A farm consists of an 8-acre wheat field and a 15-acre corn field. The total harvest from both fields is...

1. TRANSLATE the equation components

• Given equation: \(8\mathrm{w} + 15\mathrm{c} = 2{,}300\)
• What each number represents:
  • \(8\) = acres in wheat field
  • \(15\) = acres in corn field
  • \(2{,}300\) = total bushels harvested from both fields

2. INFER the variable meanings from equation structure

• The equation structure is: \(\text{(wheat acres)} \times \mathrm{w} + \text{(corn acres)} \times \mathrm{c} = \text{total bushels}\)
• For this multiplication to make sense dimensionally:
  • \(\text{acres} \times \mathrm{w}\) must equal bushels
  • Therefore \(\mathrm{w}\) must be "bushels per acre"
• Since \(8\) represents wheat field acres, \(\mathrm{w}\) must be bushels per acre for wheat

3. Verify the interpretation makes sense

• If \(\mathrm{w}\) = bushels per acre in wheat field, then:
  • \(8\mathrm{w}\) = total bushels from wheat field
  • \(15\mathrm{c}\) = total bushels from corn field
  • \(8\mathrm{w} + 15\mathrm{c}\) = total bushels from both fields ✓

Answer: A. The average number of bushels per acre in the wheat field

Why Students Usually Falter on This Problem

Most Common Error Path:

Weak TRANSLATE skill: Students focus on what they want to find rather than analyzing the equation structure. They see "wheat field" and "\(\mathrm{w}\)" and immediately think \(\mathrm{w}\) must represent the total bushels from wheat.

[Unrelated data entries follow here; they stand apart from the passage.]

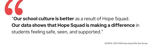 Schools consistently describe Hope Squad’s impact as invaluable.
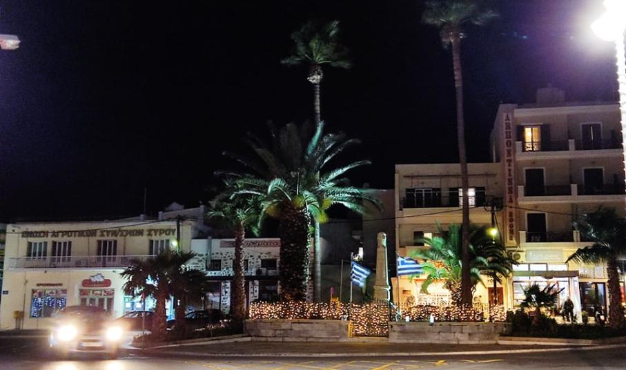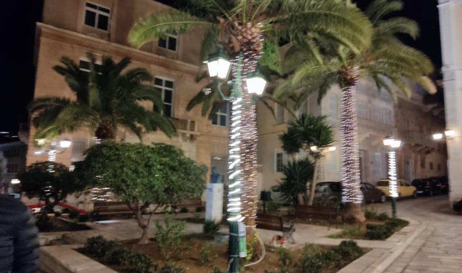 Πέραν της φωταγώγησης του Χριστουγεννιάτικου δέντρου στην πλατεία Μιαούλη και των φωτιστικών στύλων περιμετρικά του κέντρου της, έχουν φωτιστεί με ειδικές “γιρλάντες” και οι μεγάλοι στύλοι στο παραλιακό μέτωπο της Ερμούπολης, καθώς όμως και η οδός Νικ. Μανδηλαρά.
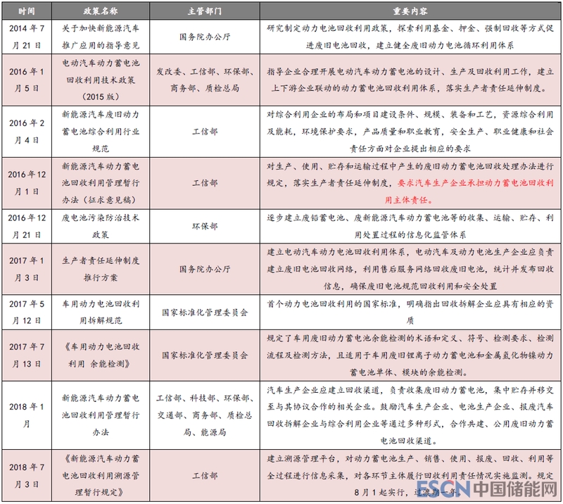 針對如此大規(guī)模報廢的動力電池,國家高度重視,政策也密集出臺,不斷出臺動力電池回收政策,完善回收體系建設(shè)。早在2016 年 12 月,工信部便發(fā)布《新能源汽車動力蓄電池回收利用管理暫行辦法》(征求意見稿),明確了汽車生產(chǎn)企業(yè)承擔(dān)動力蓄電池回收利用主體責(zé)任。2018 年 3 月 2 日,工業(yè)和信息化部、科技部、環(huán)境保護(hù)部、交通運輸部、商 務(wù) 部、質(zhì)檢總局、能源局聯(lián)合發(fā)布《關(guān)于組織開展新能源汽車動力蓄電池回收利用試點工作的通知》,要求構(gòu)建回收利用體系,探索多樣化商業(yè)模式,鼓勵產(chǎn)業(yè)鏈上下游企業(yè)進(jìn)行有效的信息溝通和密切合作,以滿足市場需求和資源利用價值最大化為目標(biāo),建立穩(wěn)定的商業(yè)運營模式,推動形成動力蓄電池梯次利用規(guī)模化市場。
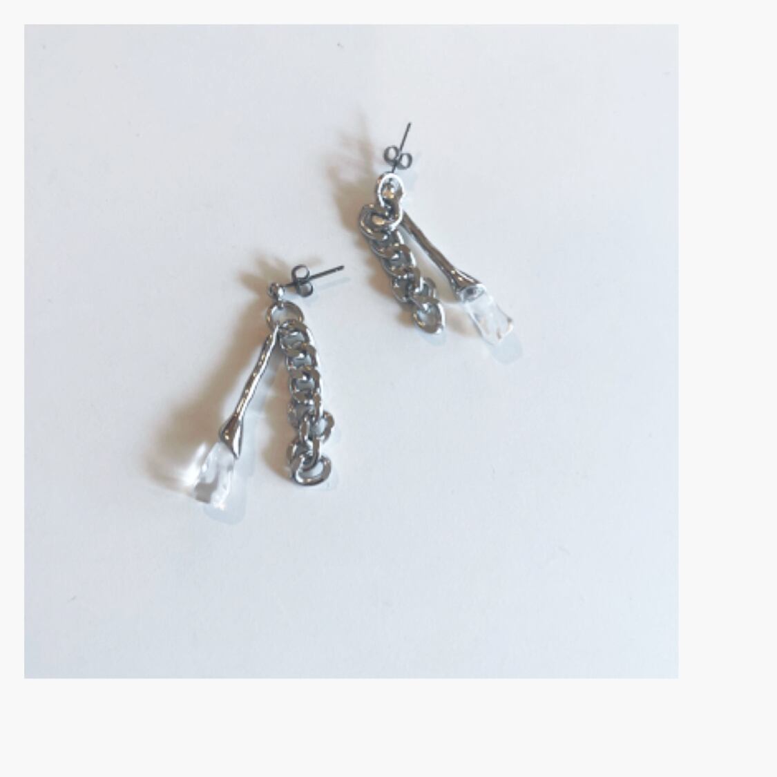 クリアなドロップパーツと太めのチェーンを合わせたピアス、イヤリングです。
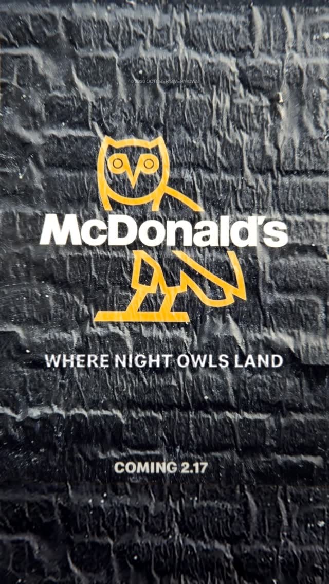 近日,McDonald’s 释出了一段 OVO 合作预告。根据近期在多伦多曝光的宣传海报,双方将标志性的猫头鹰 Logo 与金色拱门巧妙融合,并配以「Where Night Owls Land」标语,确认企划将于 2 月 17 日正式启动。据传,此次联乘或将加入 McDonald’s「Famous Orders」名人套餐系列,并有望推出黑金色特别包装及联名周边服饰,延续 Drake 将街头奢华美学融入大众文化的独特视角。目前宣传主要集中于加拿大市场,更多产品与发售细节有待官方进一步公布。
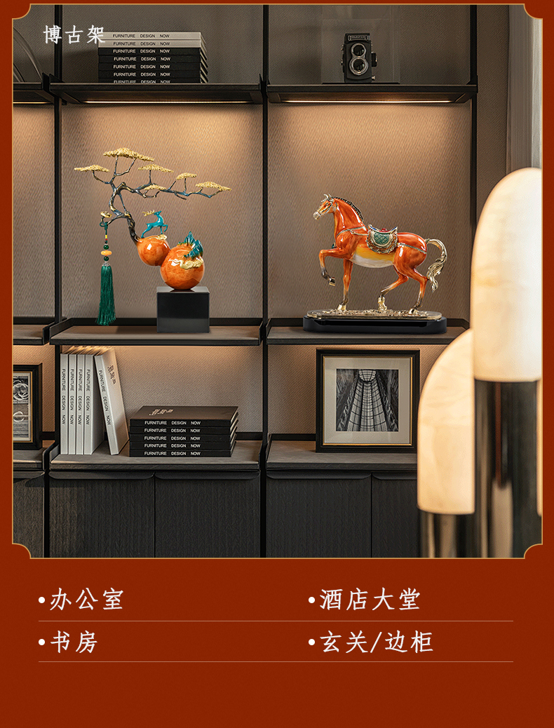 年年有余铜金鱼书柜展示柜电视柜艺术工艺品装饰摆件纯铜招财双鱼戏水摆件 220*80*310客厅书房办公室玄关新中式摆件新婚贺礼乔迁贺礼
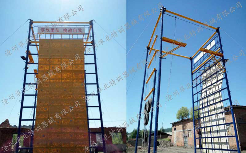 空四面體組合、攀巖(40塊)、單杠、斷橋、天梯4個項目,四米墻、背摔、電網(wǎng)、單人浪木、搭板過橋、安全裝備。
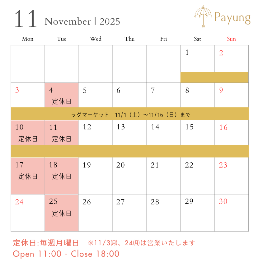 いつもPayungをご利用いただきありがとうございます! ここ数日で空気がひんやりとしてきました🍂季節の変わり目ですが皆さまいかがお過ごしでしょうか Payung芦屋店は11月も毎週水曜日~日曜日11時-18時まで営業い …
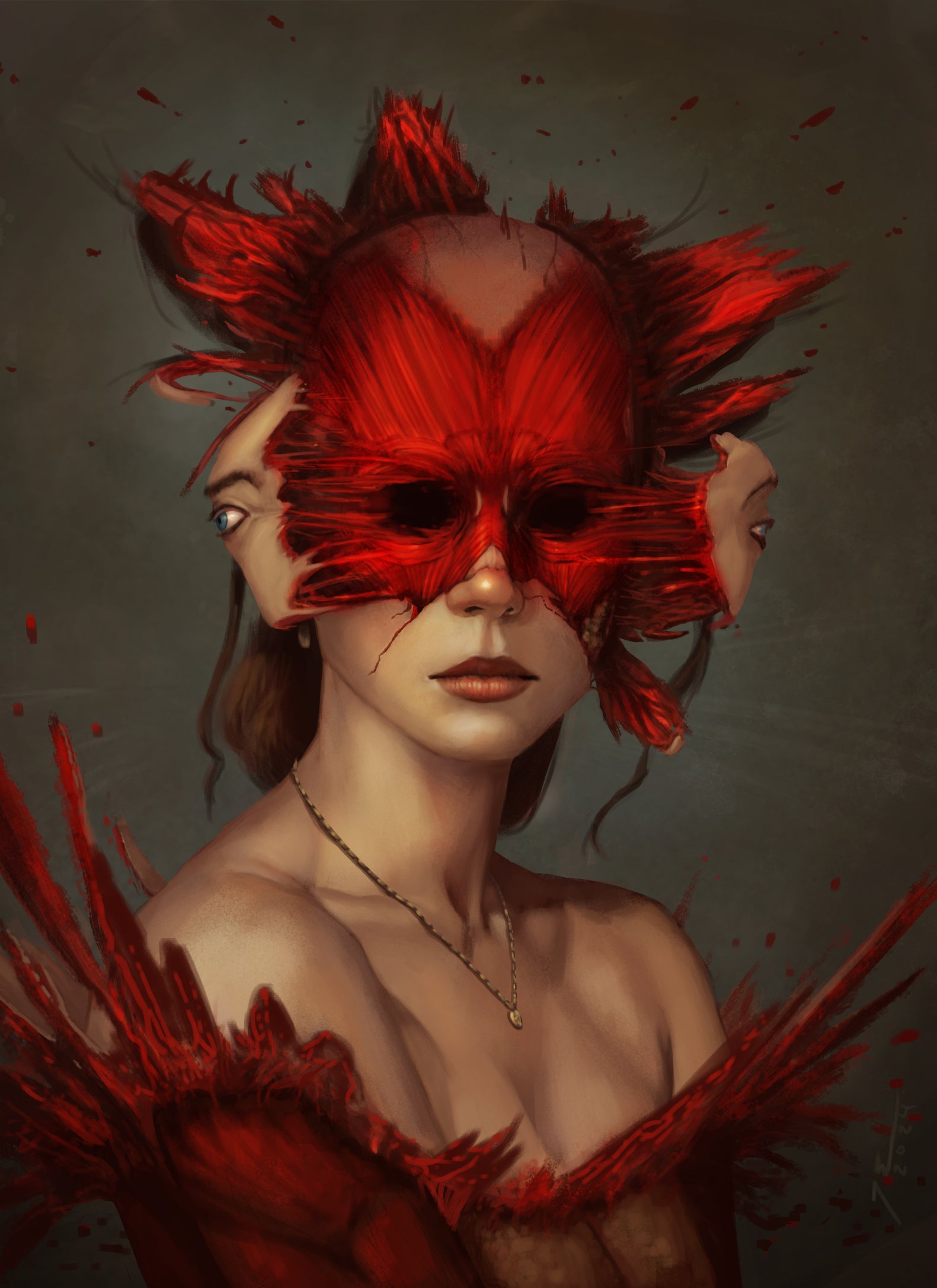 - Design: The woman’s bust is captured with an unsettling calmness, her skin flaying away from her face, body, and feet. The portrait is a stark contrast between serenity and the grotesque, leaving you with an eerie sense of stillness.
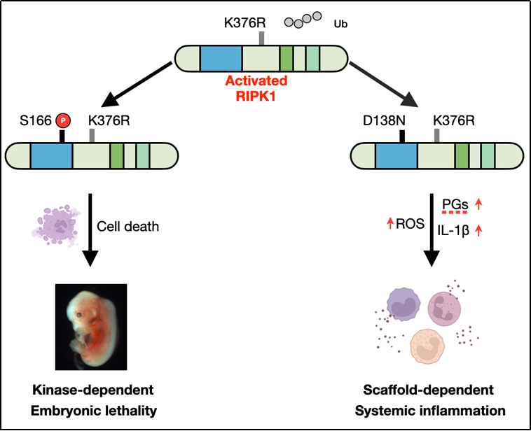 章海兵研究组长期致力于程序性细胞死亡及其在炎症调控中的机制研究。前期工作通过构建Ripk1K376R突变小鼠模型,阐明了RIPK1 K376位点泛素化通过抑制细胞凋亡和程序性坏死,在维持个体发育中发挥关键作用(Nat Commun.2019.PMID: 31519886)。在此基础上,该研究进一步构建了Ripk1K376R/D138N等双点突变小鼠模型,发现K376位点泛素化缺失会导致RIPK1异常激活:在胚胎期通过激酶依赖性途径诱导过度细胞死亡,引发胚胎致死;而在引入激酶失活突变(D138N)后,虽能挽救胚胎致死,但小鼠仍表现出进行性系统性炎症,包括皮肤和肝脏炎症、脾脏肿大以及免疫稳态失调。
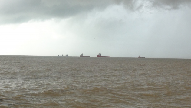 Açıktaki 8 kuru yük gemisi, fırtına nedeniyle oluşan büyük dalgalardan korunabilmek için limana sığındı.
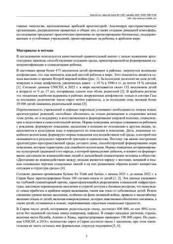 Исследование посвящено архитектурному проектированию детских домов в арабском мире с особым вниманием к Сирии и городу Алеппо. В работе анализируются современные детские дома с точки зрения типологии, функционального планирования и пространственной организации, включая такие параметры, как масштаб учреждения, соотношение между приватными и общими зонами, а также разделение на дневные и ночные секции. Международные исследования указывают на тенденцию отказа от крупных институциональных приютов в пользу гуманистических, семейно ориентированных моделей, способствующих эмоциональному и психологическому благополучию детей (Smith & Smith, 2019; UNICEF, 2022). Изучение арабской архитектуры, включая труды Хассана Фатхи, показывает, что традиционные пространственные решения – приватные комнаты, общие дворы и четкое разделение дневных и ночных зон – способствовали социальной интеграции (Fathy, 1986; Al-Harithy, 2018). Однако в настоящее время существует ограниченное количество исследований, связывающих эти традиционные принципы с современным проектированием детских домов, особенно в регионах, затронутых конфликтами, таких как Сирия. Это создает значительный пробел в архитектурных и социальных аспектах темы.
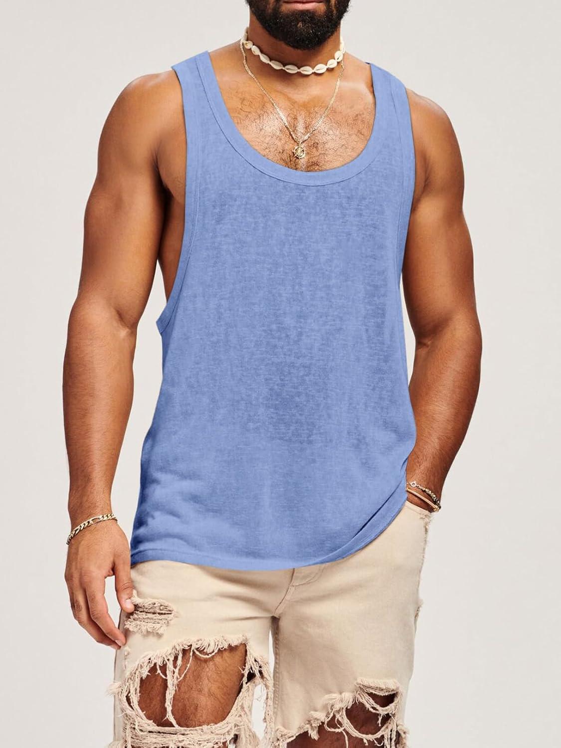 • Runcati Mens Workout Tank Tops Sleeveless Shirt Muscle Gym Bodybuilding Fitness Training Loose Fit T Shirts(Sky Blue)
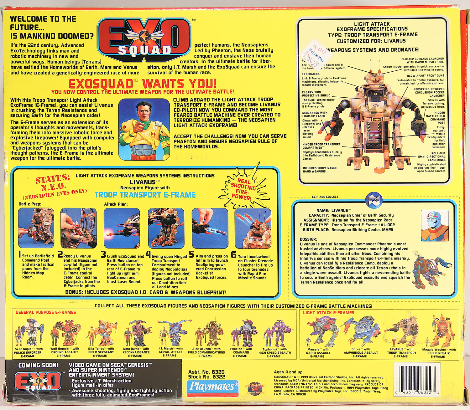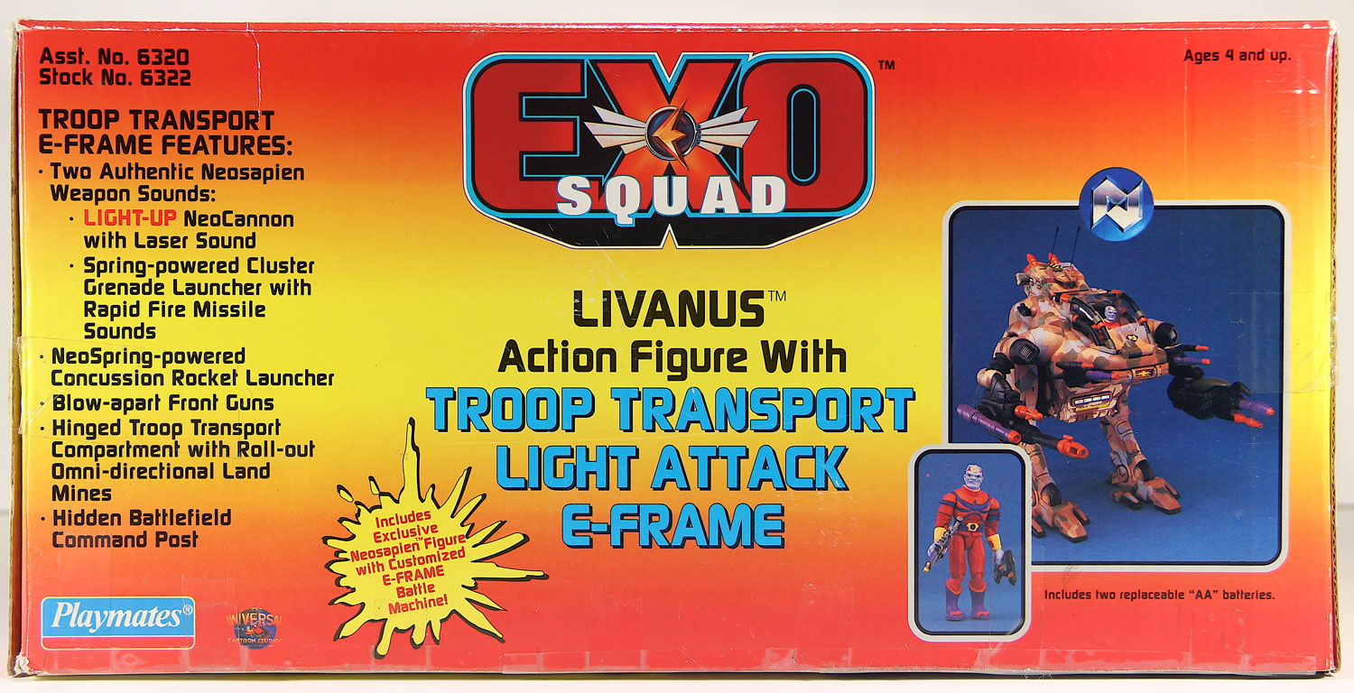 Anyway, let’s look at the actual 1994 Exosquad Livanus with Troop Transport E-Frame toy! And let’s all agree that there’s nothing “light” about it.

This leads them to reason: "\(\mathrm{w}\) is for wheat, so \(\mathrm{w}\) must be the total wheat bushels," without considering that \(8\mathrm{w}\) (not just \(\mathrm{w}\)) would represent the total.

This may lead them to select Choice C (The total number of bushels harvested from the wheat field)

Second Most Common Error:

Poor dimensional analysis: Students don't check whether their interpretation makes the equation mathematically consistent. They might pick an answer that "sounds right" without verifying the units work out.

This leads to confusion and guessing among the remaining choices.

The Bottom Line:

Success requires understanding that in rate × quantity equations, you must identify which terms represent quantities (like acres) and which represent rates (like bushels per acre). The variable meanings emerge from making the equation dimensionally consistent.